Data for review:
————
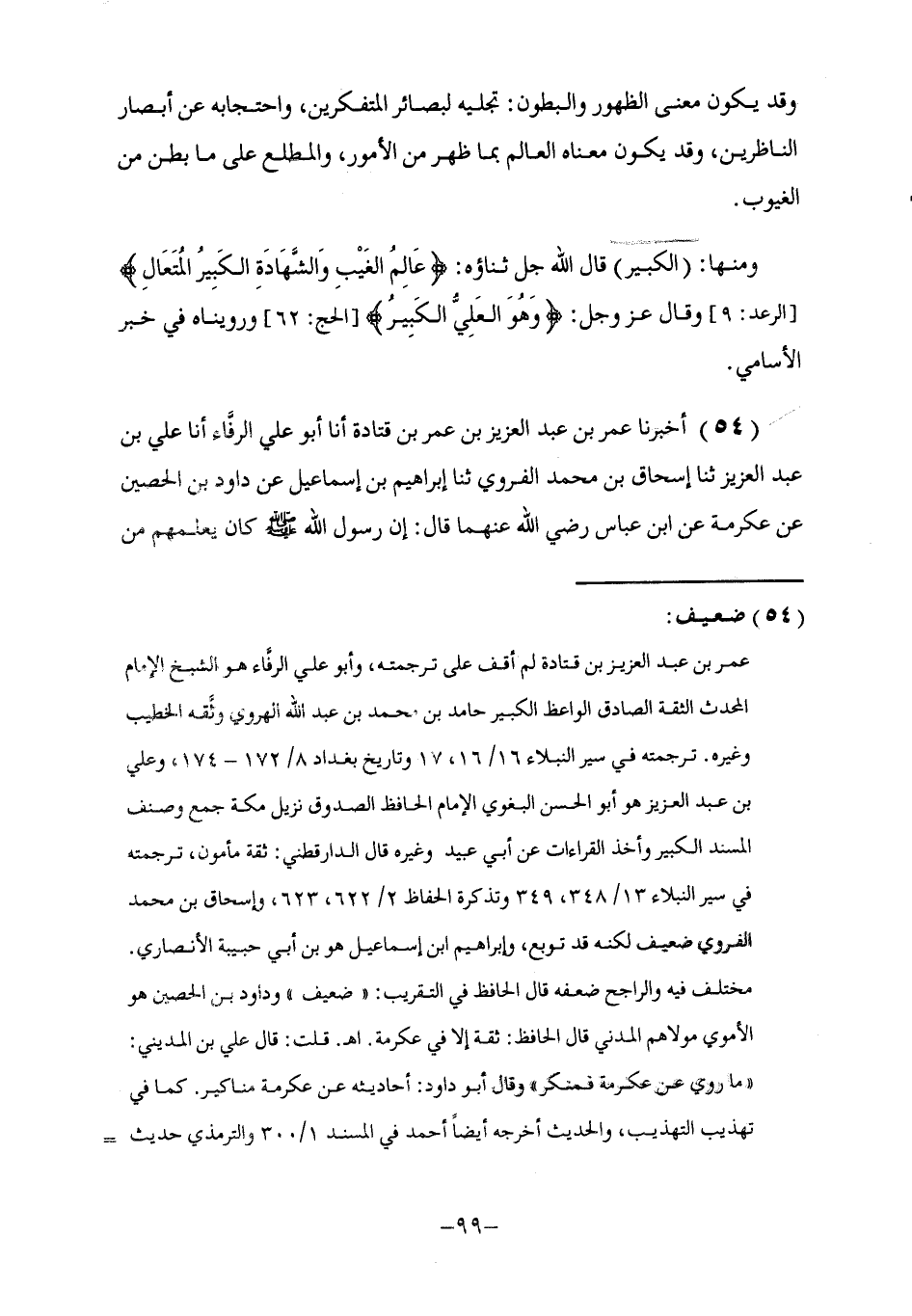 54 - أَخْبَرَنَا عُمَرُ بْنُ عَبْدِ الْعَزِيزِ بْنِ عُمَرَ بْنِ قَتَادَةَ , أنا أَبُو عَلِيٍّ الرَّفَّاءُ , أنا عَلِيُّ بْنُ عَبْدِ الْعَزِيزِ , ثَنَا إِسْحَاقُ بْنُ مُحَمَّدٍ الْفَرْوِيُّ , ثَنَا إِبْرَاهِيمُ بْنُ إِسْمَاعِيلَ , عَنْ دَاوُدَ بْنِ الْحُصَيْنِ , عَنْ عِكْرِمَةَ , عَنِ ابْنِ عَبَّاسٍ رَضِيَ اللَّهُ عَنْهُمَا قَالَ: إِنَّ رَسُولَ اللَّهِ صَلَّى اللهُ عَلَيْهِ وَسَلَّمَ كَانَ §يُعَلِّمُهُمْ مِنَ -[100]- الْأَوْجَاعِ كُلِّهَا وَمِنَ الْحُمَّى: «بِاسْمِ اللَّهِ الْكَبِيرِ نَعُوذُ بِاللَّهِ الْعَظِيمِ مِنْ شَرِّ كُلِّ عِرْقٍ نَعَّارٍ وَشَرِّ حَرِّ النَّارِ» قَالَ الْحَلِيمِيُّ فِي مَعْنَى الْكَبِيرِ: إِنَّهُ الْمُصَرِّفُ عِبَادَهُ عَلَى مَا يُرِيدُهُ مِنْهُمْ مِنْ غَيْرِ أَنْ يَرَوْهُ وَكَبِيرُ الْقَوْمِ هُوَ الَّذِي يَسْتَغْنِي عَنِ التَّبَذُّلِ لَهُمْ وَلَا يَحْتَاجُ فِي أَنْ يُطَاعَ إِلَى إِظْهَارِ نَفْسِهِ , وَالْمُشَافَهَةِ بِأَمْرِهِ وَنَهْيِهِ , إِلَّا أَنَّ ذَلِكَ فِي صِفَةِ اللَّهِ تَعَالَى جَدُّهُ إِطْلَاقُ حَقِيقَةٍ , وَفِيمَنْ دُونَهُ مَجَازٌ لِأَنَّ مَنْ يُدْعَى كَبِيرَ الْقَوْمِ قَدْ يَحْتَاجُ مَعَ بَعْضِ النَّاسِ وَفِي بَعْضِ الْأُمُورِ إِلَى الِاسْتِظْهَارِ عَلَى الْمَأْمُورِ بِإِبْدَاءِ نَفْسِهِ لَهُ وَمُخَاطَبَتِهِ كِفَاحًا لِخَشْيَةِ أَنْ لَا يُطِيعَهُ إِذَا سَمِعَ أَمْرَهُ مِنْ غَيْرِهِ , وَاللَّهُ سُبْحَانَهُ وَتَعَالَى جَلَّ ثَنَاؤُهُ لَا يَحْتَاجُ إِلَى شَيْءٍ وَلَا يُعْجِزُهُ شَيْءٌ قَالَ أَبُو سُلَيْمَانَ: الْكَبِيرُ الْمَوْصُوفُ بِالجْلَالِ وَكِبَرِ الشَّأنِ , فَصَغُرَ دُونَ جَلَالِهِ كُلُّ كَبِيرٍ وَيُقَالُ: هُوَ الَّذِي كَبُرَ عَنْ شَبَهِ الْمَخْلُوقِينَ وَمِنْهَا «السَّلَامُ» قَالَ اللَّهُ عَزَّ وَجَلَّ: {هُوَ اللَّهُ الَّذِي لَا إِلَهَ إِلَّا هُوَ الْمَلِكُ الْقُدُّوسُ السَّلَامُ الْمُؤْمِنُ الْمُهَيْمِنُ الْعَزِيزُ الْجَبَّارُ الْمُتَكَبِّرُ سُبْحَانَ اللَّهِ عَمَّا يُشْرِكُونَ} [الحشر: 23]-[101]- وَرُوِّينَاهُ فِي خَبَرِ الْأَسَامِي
————
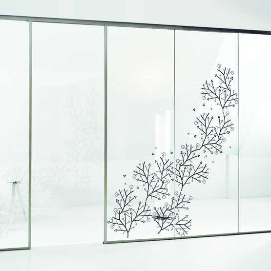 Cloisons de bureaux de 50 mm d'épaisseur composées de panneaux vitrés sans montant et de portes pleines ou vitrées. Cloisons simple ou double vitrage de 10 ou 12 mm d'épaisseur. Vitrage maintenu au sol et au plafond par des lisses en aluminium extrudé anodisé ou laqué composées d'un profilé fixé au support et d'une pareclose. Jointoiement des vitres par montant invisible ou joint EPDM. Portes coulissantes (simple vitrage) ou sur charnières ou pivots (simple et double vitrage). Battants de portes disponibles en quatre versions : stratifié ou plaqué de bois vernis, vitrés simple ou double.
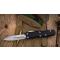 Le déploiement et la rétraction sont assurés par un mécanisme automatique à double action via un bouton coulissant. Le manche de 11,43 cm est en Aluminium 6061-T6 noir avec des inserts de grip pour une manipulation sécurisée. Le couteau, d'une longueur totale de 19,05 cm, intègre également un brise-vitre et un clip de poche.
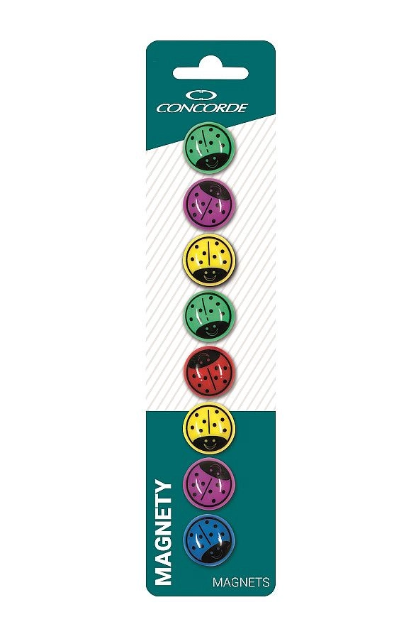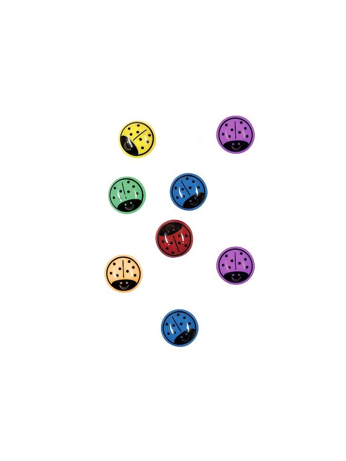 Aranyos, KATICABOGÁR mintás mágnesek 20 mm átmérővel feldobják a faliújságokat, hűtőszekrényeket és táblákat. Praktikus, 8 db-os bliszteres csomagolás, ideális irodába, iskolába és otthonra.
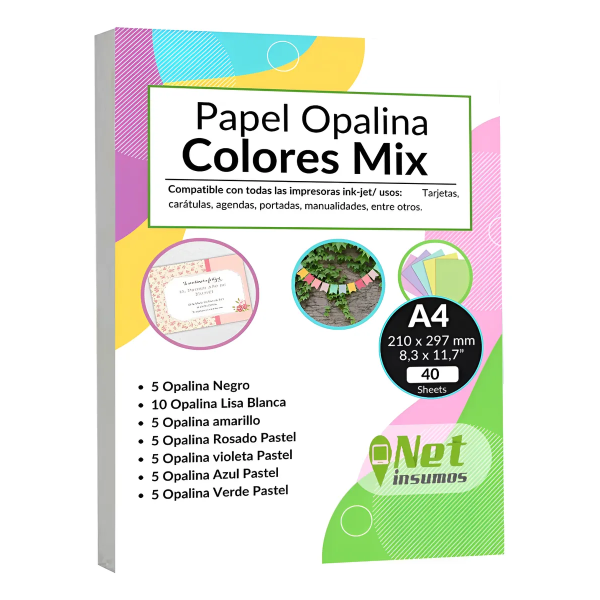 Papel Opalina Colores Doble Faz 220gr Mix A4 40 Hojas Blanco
————
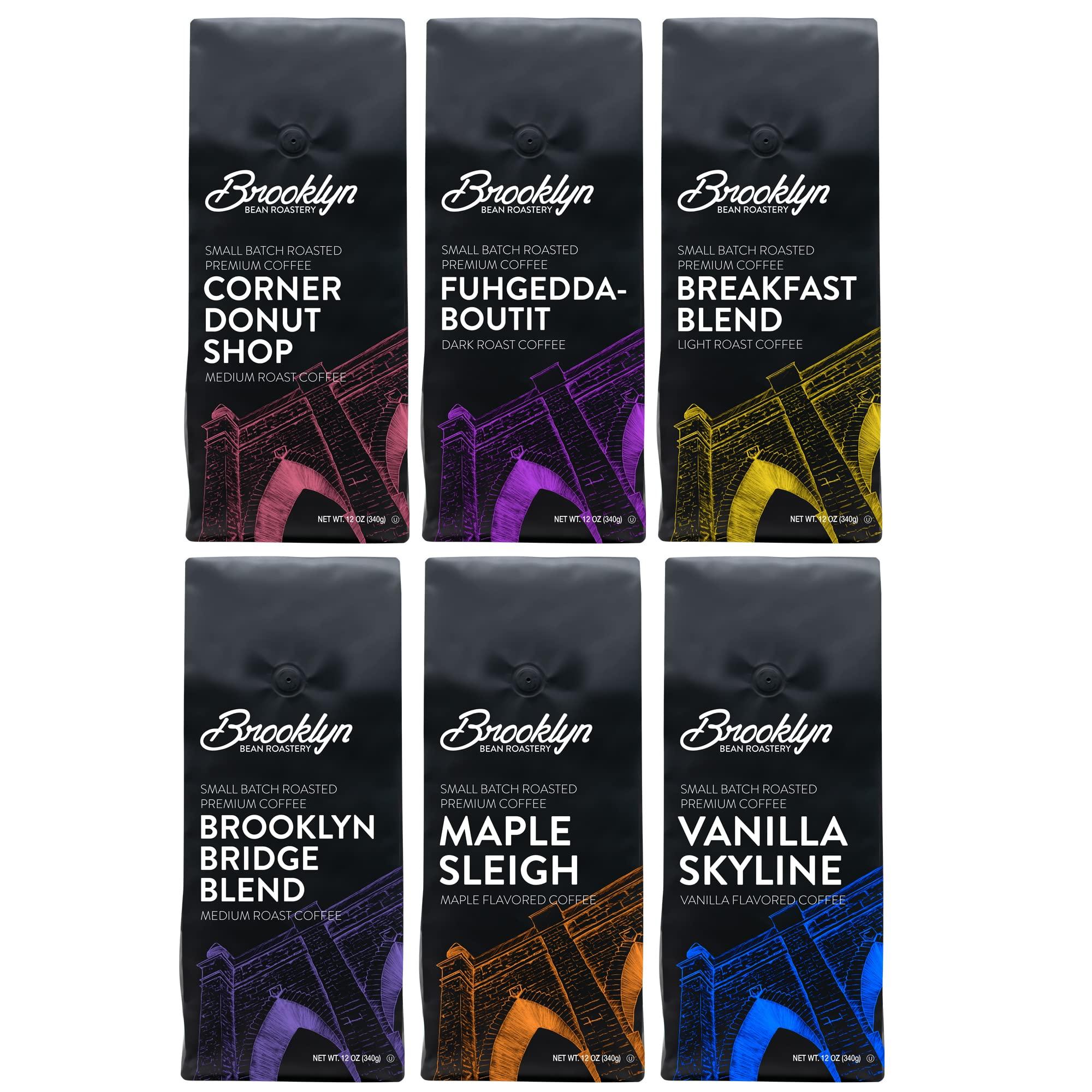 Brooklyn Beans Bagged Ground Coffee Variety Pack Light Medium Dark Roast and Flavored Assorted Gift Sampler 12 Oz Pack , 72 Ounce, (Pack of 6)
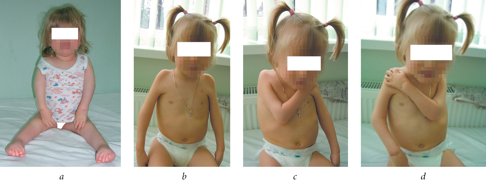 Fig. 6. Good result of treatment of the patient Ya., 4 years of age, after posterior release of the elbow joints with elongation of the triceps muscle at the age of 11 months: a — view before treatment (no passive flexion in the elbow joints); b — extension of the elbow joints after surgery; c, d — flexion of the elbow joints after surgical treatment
————
Set the pictures aside and retype exactly the lines above from the line with "Aranyos, KATICABOGÁR mintás" to the line with "Papel Opalina Colores", both included, adding no others.

 Aranyos, KATICABOGÁR mintás mágnesek 20 mm átmérővel feldobják a faliújságokat, hűtőszekrényeket és táblákat. Praktikus, 8 db-os bliszteres csomagolás, ideális irodába, iskolába és otthonra.
 Papel Opalina Colores Doble Faz 220gr Mix A4 40 Hojas Blanco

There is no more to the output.